Is there an existing icon that is recognized as a request / suggestion that a user rotate their mobile device?

I am converting an OLD website to be more mobile friendly. (responsive) I have existing forms that already fit decently if viewed in landscape mode, (My test device is relatively small, the Samsung Galaxy Avant) so one option might be to give them alternate content asking them to rotate their device for a better view.

I'm not sure if a tilting rectangle or rotational arrows (or combination of the two) is better. (Along with, not instead of, English text)

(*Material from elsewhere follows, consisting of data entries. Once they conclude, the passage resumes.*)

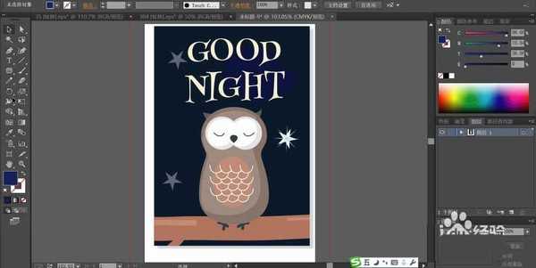 1、使用钢笔工具画出画面的主要元素猫头鹰的细节元素,再画出长长的枝条,还有文字的字体选择与变形处理,背景上面的星星的摆放。
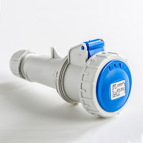 Base aérea. Corriente nominal: 16A a una tensión de trabajo de 230VCA. Configuración de contactos: 2P+T. Código horario: 6h, color azul. Resistencia impacto: IK08. Material: poliamida 6 HF, cumple la directiva RoHS. Material contacto: latón. Grado de proteccón: IP66-IP67.
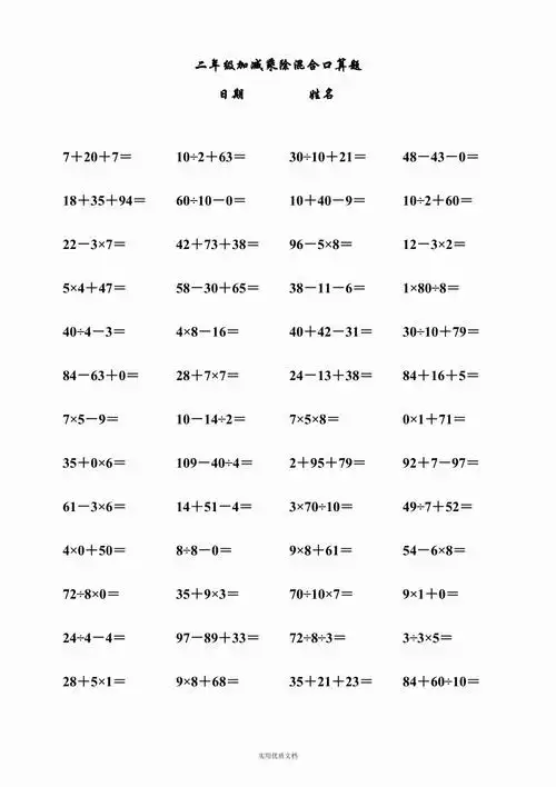 二年级加减乘除混合口算题
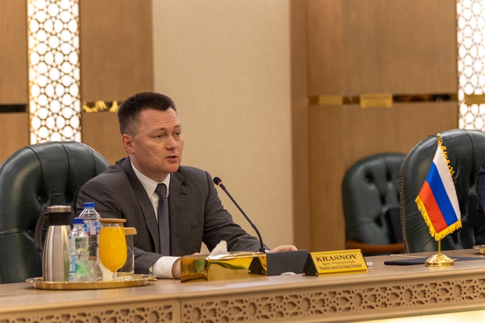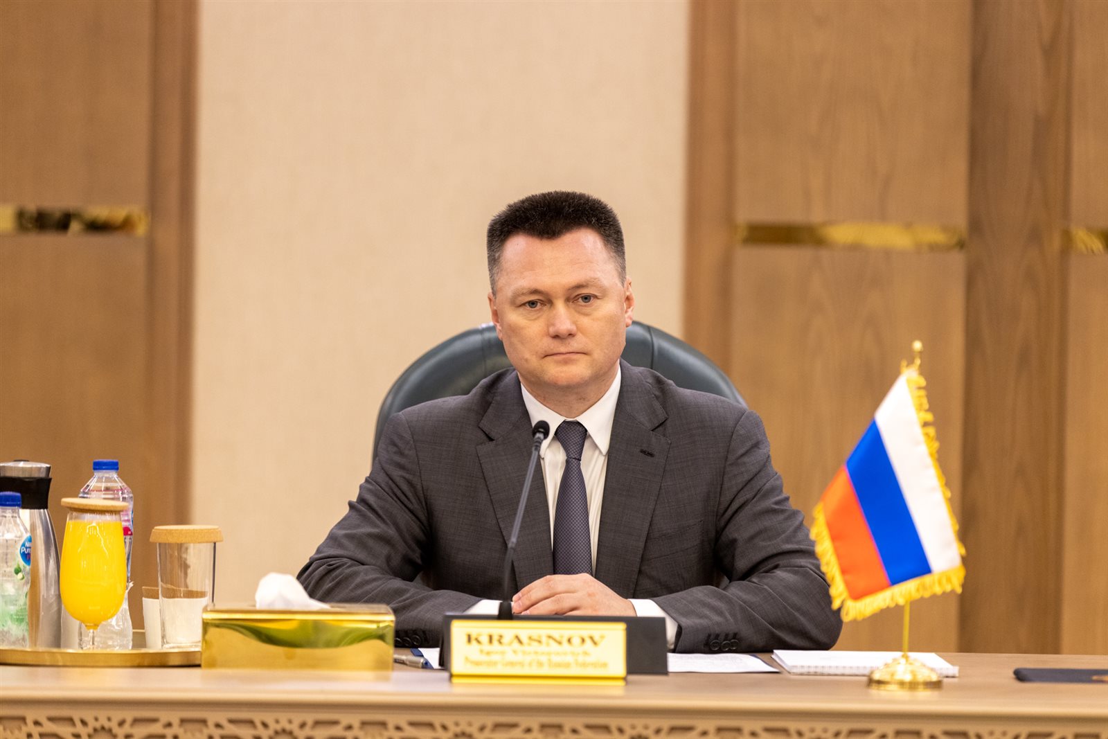 ومن جانبه أعرب إيغور كراسنوف النائب العام لروسيا الاتحادية في بداية كلمته عن سعادته بلقاء نظيره المصري على أرض مصر المضيافة متوجهًا له بالشكر والترحيب لحفاوة الاستقبال وحسن التنظيم، مؤكدًا ملاحظته التفاعل البنَّاء بين النيابتين، حيث قد عُقدت العديد من الفعاليات المشتركة في موسكو والقاهرة منذ توقيع مذكرة التعاون القضائي في سانت بطرسبرغ العام الماضي، حيث تبادل أعضاء النيابة في الجانبين خبراتهم وآراءهم في قضايا مكافحة الجريمة السيبرانية، والتداول غير المشروع للعملات المشفرة، ومكافحة الجرائم الإرهابية.

  • In typing the question, I thought of another way to search and came up with this: google.com/… I'll look through those and see if anything works well. I'm still open to any suggestions.
    – TecBrat
    Commented Jul 10, 2015 at 10:52
  • Displaying the form in landscape mode will naturally prompt the user to rotate the device. Commented Jul 10, 2015 at 15:15

3 Answers 3


This search seems to yield quite a few results: https://www.google.co.uk/search?q=rotate+screen+icon&espv=2&biw=1342&bih=648&source=lnms&tbm=isch&sa=X&ei=IaSfVcmCB8at7AbSwIHYBQ&ved=0CAYQ_AUoAQ

Most of them seem to be based on a stylised phone icon either show at an angle with one or two arrows to denote rotation direction or the device overlayed in both portrait and landscape orientations with a double headed arrow denoting some amount of flexibility.


I would go both tilting rectangle and arrow.

The arrows a standarized icon for refreshing/synchronizing so I won't use them alone.
The rectangle alone doesn't say too much by itself, the motion part .

Android uses something like this (although I don't really like that arrows) and the labeling also helps a lot:

enter image description here


Ask yourself first why you need an icon? Rotating one's mobile device is a fairly common and one could argue, intuitive interaction. If people need more room, they often naturally tilt it into landscape by default.

I'd argue the icon is completely superfluous. The number of people that would a) be frustrated that things don't fit well in portrait and b) not know that they can rotate the screen and c) understand what that icon means is probably really small.